We do not have the data science skills to answer a question that troubles us, to wit the extent to which epidemiological models have over-estimated risk of Covid-19 and thereby influenced suppressionist responses from politicians. We can, however, peek at a couple of proximate examples and ask a few questions.
In Austin, the celebrated University of Texas epidemiologists have effectively driven the local policy response to the pandemic, because what politician in this town can say “I don’t believe everything UT scientists say?” Not gonna happen, no way, no how. We do not always, or even frequently, agree with Austin’s Mayor Steve Adler, but our unqualified commitment to intellectual honesty compels us to feel his pain. In this “we believe science and definitely Hook ’em” town, Adler’s got to do what the UT epidemiologists recommend whether or not he privately worries that they might be wrong.
The main page for the UT projections is here. Anybody can scroll around and look at current projections for cases, hospitalizations, and deaths from Covid-19 over time. There also seems to be the archived data necessary to see past projections, but that requires the aforementioned data science skills we do not have in our otherwise vast armamentarium.
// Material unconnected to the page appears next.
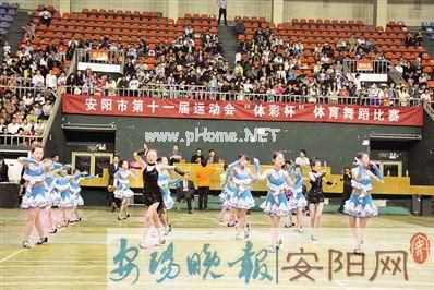 5月1日、5月2日,市第十一届运动会(社会公开组)中国象棋比赛、市第十一届运动会(社会公开组)体育舞蹈比赛、市第十一届运动会(社会公开组)乒乓球比赛三项赛事分别在市老年文体苑拉开帷幕,参赛者各展风采,在赛场上展开激烈比拼。图为体育舞蹈比赛现场。
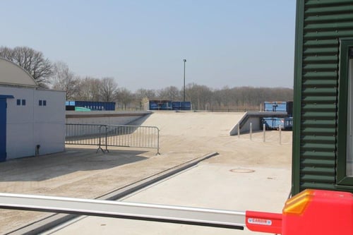 - Borstwering: de keerwanden lopen achter de open loods voor materieel- en materiaalopslag door in de vorm van een borstwering.

We do, however, have a few examples of historical predictions that make us worry that the UT disease forecasters have pushed Mayor Adler and Texas Governor Abbott toward pandemic response policies that were and are more restrictive than necessary or healthy.
On March 24 the team at UT presented this report to the Austin City Council and other learned local officials. On page four one finds a summary of the forecast for the key metrics we were all worried about in late March lined up with the policy response:
The “Austin-Round Rock MCA” includes Travis, Williamson, Hays, Caldwell, and Bastrop counties in central Texas. As of August 17, the aggregate deaths attributed to Covid-19 in those counties over five months was 581 (link) out of a population of roughly 2.2 million (for those of you keeping track at home, that is roughly 9 days of all-cause deaths for a typical US population of 2.2 million). Given that the death estimates in the bottom row of the table above are median projections at various levels of social distancing since March 23, one might conclude that the five counties in question have done a rather extraordinary job of social distancing, having reduced aggregate human interaction by between 75% and 90%.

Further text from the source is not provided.